The relative movement amount calculation unit 11 generates a relative movement vector amount Di of the driving device 8 from the time when the discharge state is determined to be stable. While the movement command vector amount output from the movement amount calculation processing unit 6 is sequentially integrated, the relative movement vector amount Di is set to 0 when the discharge state determination unit 10 determines that the discharge is stable. In this embodiment, when the driving device 8 moves in the direction approaching the workpiece 2, the relative movement vector amount Di is a positive value, and when the driving device 8 moves in the direction separating from the workpiece 2, the relative movement vector amount Di is relatively large. The movement vector amount Di is a negative value.

The over-approaching amount determining section 12 determines the workpiece 2 after the jump with respect to the distance between the poles that has been stably discharged in the past.
Is determined, that is, the over-approaching amount Dj. The over-approaching amount determining unit 12 has a determination table indicating the amount of over-approaching in advance corresponding to the peak current value and the current value. Based on the currently selected peak current, the corresponding peak current value from the determination table is used. And employs the corresponding over-approach amount. The determination table may be determined using a function other than using the determination table as a means for determining the over-approaching amount. An example of the function is shown in Equation 1.

[0018]

## EQU1 ## Over-approach amount Dj = 2 × √ (peak current value)

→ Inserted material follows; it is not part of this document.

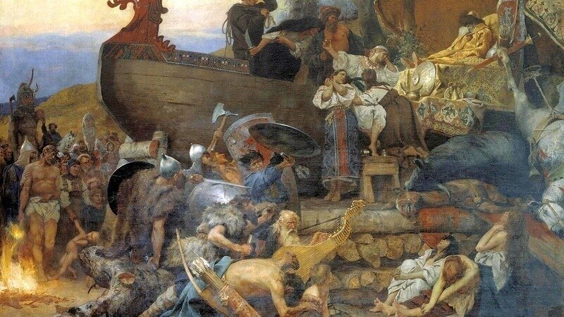 Illustration: Reactionary utopia--burial ceremony of a tribal chieftain in the Kyivan Rus ("cradle of the Russian nation"), painted by Henryk Siemiradzki (1883)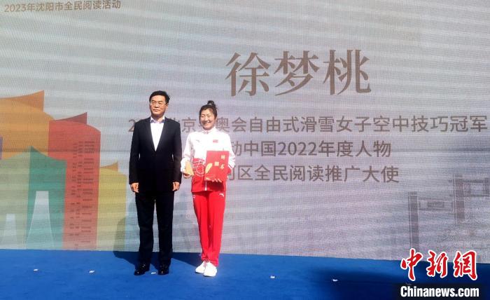 沈陽市沈河區區委書記林宇航向徐夢桃頒發“全民閱讀推廣大使”聘任書。 趙桂華 攝

The moving amount calculating section 6 calculates a moving vector amount of the driving device 8. An example of the operation of the movement amount calculation processing unit 6 will be described with reference to the flowchart of FIG. If it is a jump timing (step S20), the over-approaching amount Dj determined by the over-approaching amount determining unit 12 is obtained (step S21), and a moving vector amount for the jump operation is generated (step S22). When it is not the jump timing, the relative movement vector amount Di and the over-approach amount Dj are compared, and when the relative movement vector amount Di is large, that is, the over-approaching amount D
j and approaching the workpiece (step S2
3) While setting the over-approach amount Dj to 0 (step S2)
4), it is determined whether or not the gap state determined by the discharge determination unit 10 is non-discharge (step S25). When the gap state is non-discharged, that is, when distortion occurs, and when the gap average voltage V1 is larger than the reference voltage V2, that is, when the gap should be moved in the approaching direction (step S26), the movement speed coefficient Is reduced (step S27). On the other hand, step S
In 23, when the position of the driving device is not approaching the workpiece exceeding the over-approaching amount Dj, or when there is no distortion in step S25, or when it should be moved in the separating direction in step S26, A standard value is adopted as the speed coefficient (step S28). Finally, the difference between the inter-electrode average voltage V1 and the reference voltage V2 is multiplied by a moving speed coefficient to calculate a moving vector amount (step S29).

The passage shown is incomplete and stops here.